As the team spluttered for form, we were at least promised that come January we would have much needed reinforcements to the squad brought in - and how they were needed with City firing blanks in eight out of our last eleven matches! That statistic illustrates perfectly how much we could do with new strikers at the club and when Steve Thompson picked up the booking on New Years Day that meant he would miss today's match, it became in my book an absolute necessity.
Still, there was no need to panic, we had twelve days before we next played in the league and “in the know” posters on here were forever assuring us that it was only a matter of time before the new striker(s) would be arriving - trouble is they haven‘t yet and now it looks as if we could go into what, for me, is our most important match of the season so far with a strike force comprising of someone who has scored once in his last twelve games and, if some had their way, our third choice centre back!.

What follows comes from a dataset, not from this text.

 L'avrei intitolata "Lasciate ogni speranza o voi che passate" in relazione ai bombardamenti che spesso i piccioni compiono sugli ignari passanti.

I know it's easy for me to say now, but, surely, once it was known that Thompson was not going to be available, bringing in a new partner for Michael Chopra today should have been an absolute priority for City (especially when you consider that possible replacement Paul Parry was out injured) - it's not as if Thompson picked up an injury in training yesterday, City have had twelve days to sort something out and you would have thought that they would have had a short term loan deal set up to tide them over if their efforts to bring in someone permanently didn't succeed.

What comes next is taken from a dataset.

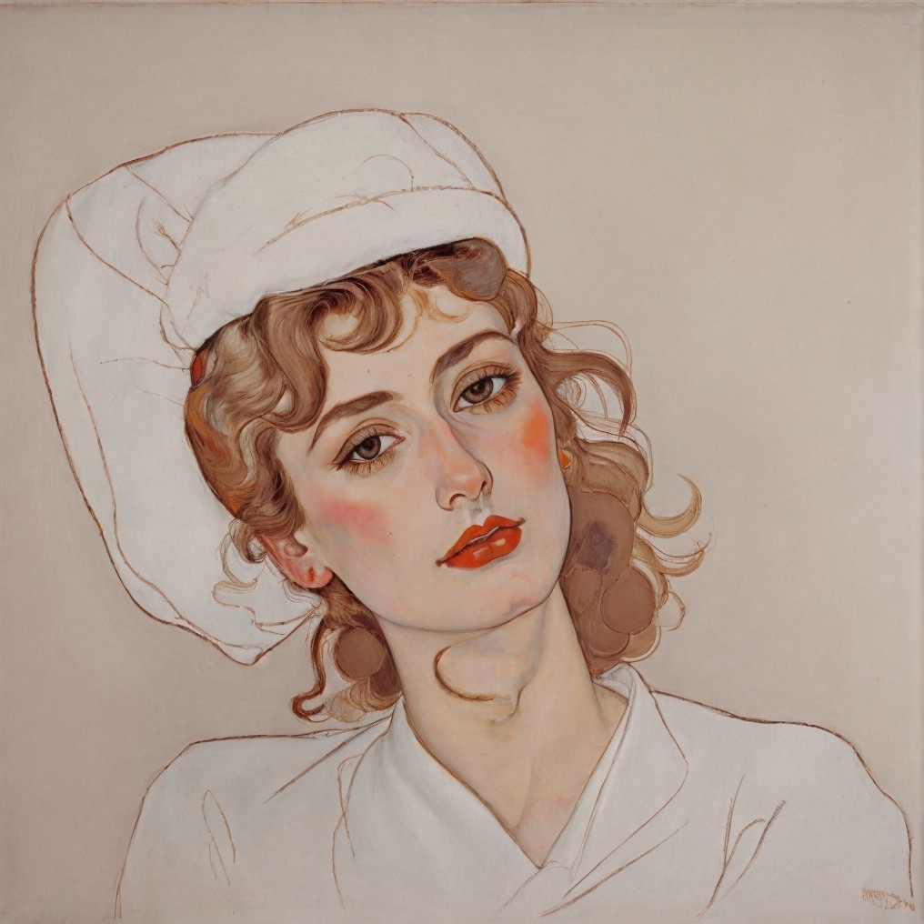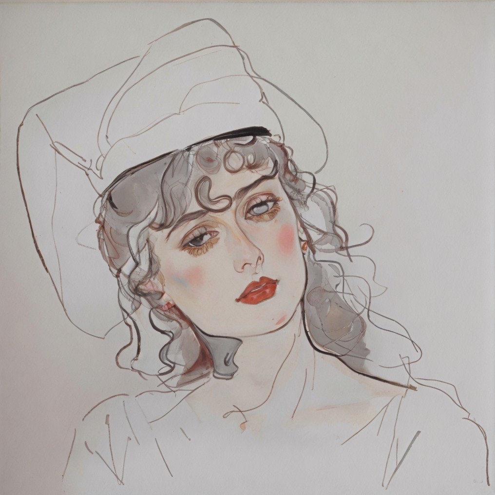 A painting of a woman with red hair, striking blue eyes, and a white hat, gazing intensely.

People may be reading this thinking he has forgotten all about Peter Whittingham, but I haven't - in fact the Whittingham signing just increases the annoyance I feel at our lack of striking options today. If we hadn't have signed Whittingham, I would have accepted that those on here who claimed that we were unable to do anything in the transfer market until after Monday's meeting may have had a point, but the fact we have been able to spend money on a player proves that this isn't the case.
Maybe I am jumping the gun here - apparently, we have until midday to bring in someone on loan who could play today, and, even if we don't, perhaps our non scoring team will find the goals that have largely eluded them for weeks anyway? If they do though, it will be more through luck than judgment because the words barn door, cows arse and banjo keep on springing into my mind for some reason when I think of how we have been finishing lately!

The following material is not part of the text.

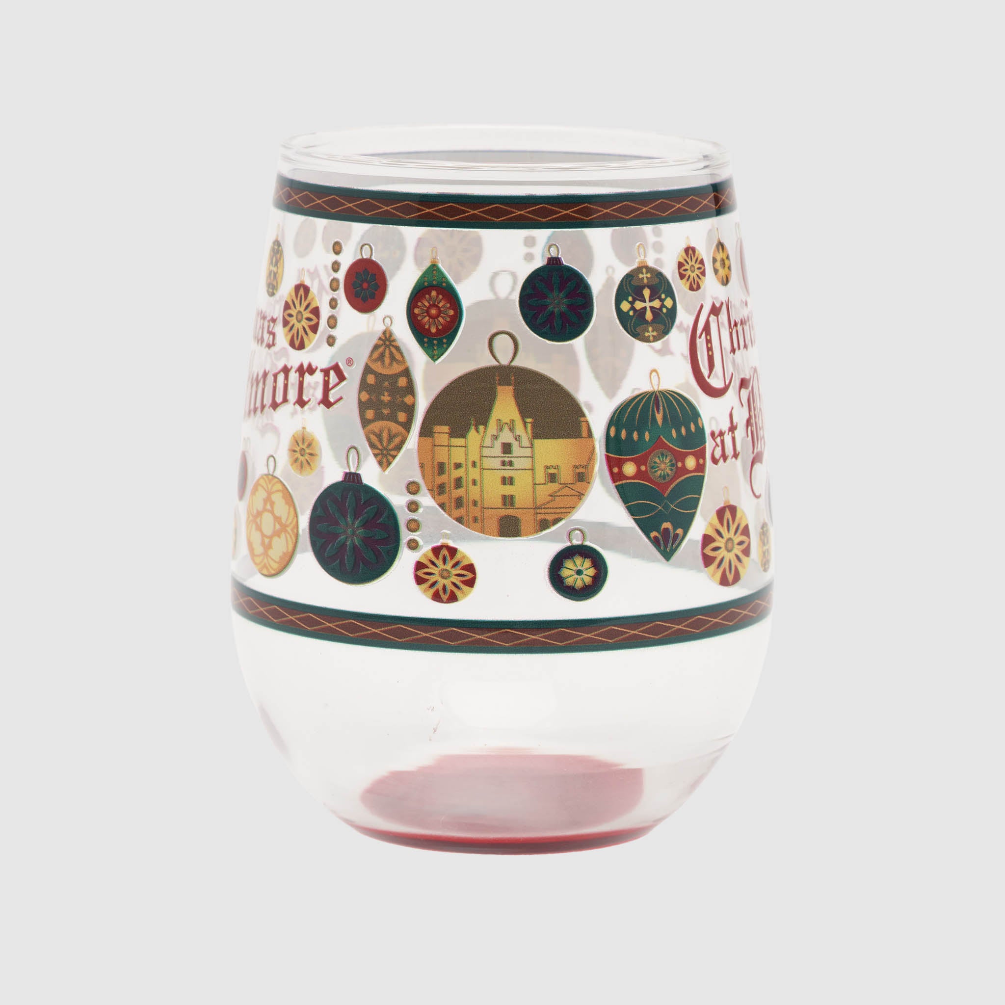 Raise a glass to the season with our Christmas at Biltmore Stemless Wine Glass. This 15 oz. glass is wrapped in a cheerful holiday pattern with vintage-inspired ornaments and Christmas at Biltmore lettering across the front. The red-tinted glass bottom adds a playful twist, catching the light and adding a pop of color to your table. Ideal for wine, mocktails, or sparkling cider.

I expect us to go into today's match with a strike paring of Chopra and Campbell (although the more I think of Kevin Campbell's contribution this season, the more I reckon that those advocating Roger Johnson's cause may have a point!) and I genuinely hope that it will be good enough to see off Sarfend today, but even if that happens, it doesn't change the fact that City deserve no credit whatsoever for the way they have pursued a striker in the last twelve days.
So who is to blame for this situation? Well, apparently, what happens at the club is that Dave Jones identifies the players he wants and then leaves it with Peter Ridsdale to go out and get them, so, on the face of it, it would seem that Mr Ridsdale is the main culprit.
Now I don't want to be too critical of Peter Ridsdale and the new regime at this early stage of their stewardship of the club and I do appreciate that it is not really fair to come to any firm conclusions about them until some time after the dust settles following Monday's EGM. However, in saying that, Mr Ridsdale has been talking a lot in the Echo over the past two days about what will happen in the long term at the club under his leadership and yet it would seem to me that he has, largely, failed to deliver the goods in the short term - maybe you think I am being too harsh, but, for me, the early weeks of the Ridsdale era have been a big let down.